21 maggio 2009
"Biafra 1968" foto di Romano Cagnoni
di Gianni Quilici
Questa è una foto che si percepisce immediatamente senza bisogno di tante parole.
Allora: a cosa servono le parole?
Più sguardi, più dettagli, più osservazioni possono determinare più attenzione, più sottigliezza, più sensibilità, più sorprese, più ricchezza di tutto per tutti.
Cosa mi colpisce in questa straordinaria foto di Romano Cagnoni?
Al primo sguardo l'intensità dei sentimenti.
Ad uno sguardo appena più circostanziato questo intreccio di corpi e di sentimenti come se il triangolo di corpi fossero un corpo unico
Ad uno sguardo più analitico, in cui l'immagine non è (stata) soltanto una realtà, ma pure una forma, vedo un'espressione profonda del primo bambino con gli occhi e la testa abbassata, pensosa e quasi lontana e, forse, in contrasto l'altro bambino più piccolo disperato e piangente. Nel centro, a raccogliere questa dialettica, il volto della madre, qui nell'attimo della foto, rassegnata o impotente.
Se poi scompongo la foto nel dettaglio, non può non colpire la mano del bimbo magra, forse denutrita, perché si stringe alla faccia della donna diventando il segno di un bisogno universale: la necessità di protezione e di affetto di un bimbo, di migliaia e migliaia di bimbi, che sono o si sono trovati di fronte la guerra.
Ecco a questo punto la foto, pur drammatica e dolorosa, ha anche una grande e potente bellezza estetica. Mi si presenta allo sguardo come una rappresentazione intensa di corpi intrecciati in un corpo soltanto, scolpiti come fossero una scultura, ognuno con una sua solitudine: disperati, pensosi, rassegnati, impotenti, dignitosi.

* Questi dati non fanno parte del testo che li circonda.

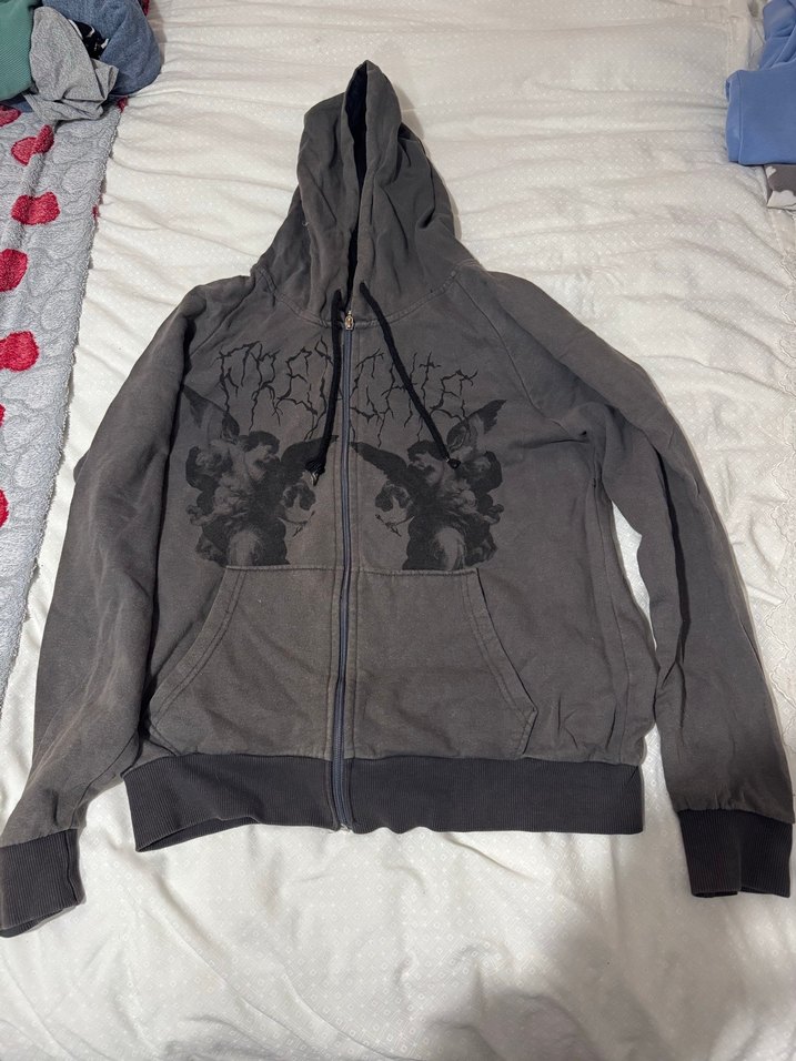 Koyu gri, fermuarlı kapüşonlu punk ceket. iplerde biraz cikinti var onun disinda temiz urun az kullanilmis
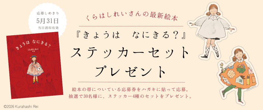 くらはしれいさんのオリジナルステッカーセットが30名様に当たる! 『きょうは なにきる?』発売記念キャンペーン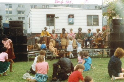 African drumming style, Hulme Carnival, August 83.White Horse pub behind the stage with John Nash Crescent looming in the background.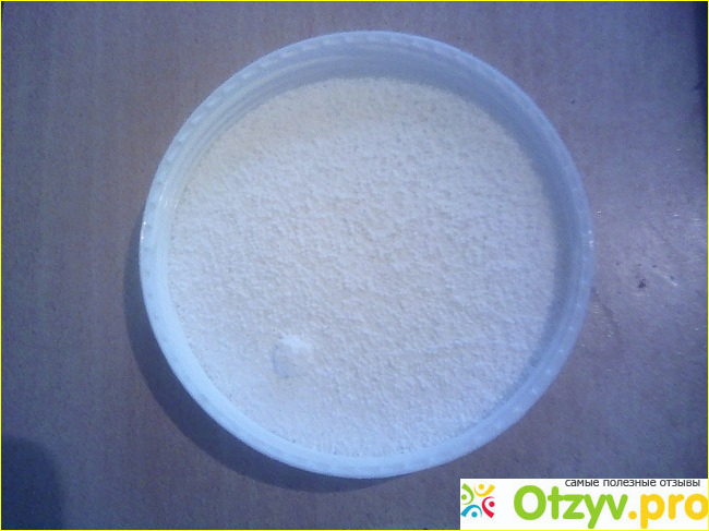 я решила сразу его опробовать. Тем более, что у меня был подходящий объект. Ужасно заляпаная фруктовым пюре футболка сына. Открыв крышку я увидела вот такой прошок

Qual è la scelta espressiva del fotografo, di Romano Cagnoni, in questa immagine? L'essere dentro a quei sentimenti estremi. L'avvicinarsi, cioè, il più possibile ai soggetti. Nulla, infatti, qui è superfluo, tutto è essenziale e vicino. Nulla si sovrappone tra loro e noi. E questa essenzialità e vicinanza diventano universali. Ci riguardano tutti, ci investono con la potenza di quei corpi.
La foto è stata scattata nel 1970 nel Biafra, un pezzo della Nigeria, in cui era scoppiata una delle tante guerre civili dell'Africa tropicale, per lo più dimenticate dall'opinione pubblica dell'Occidente. Romano Cagnoni, grande, e forse sottovalutato, fotografo nato a Pietrasanta, ma vissuto a lungo a Londra, vi arrivò avventurosamente, rischiando, poi, più volte la vita, come racconta nel bel libro “Il mondo a fuoco” (Electa).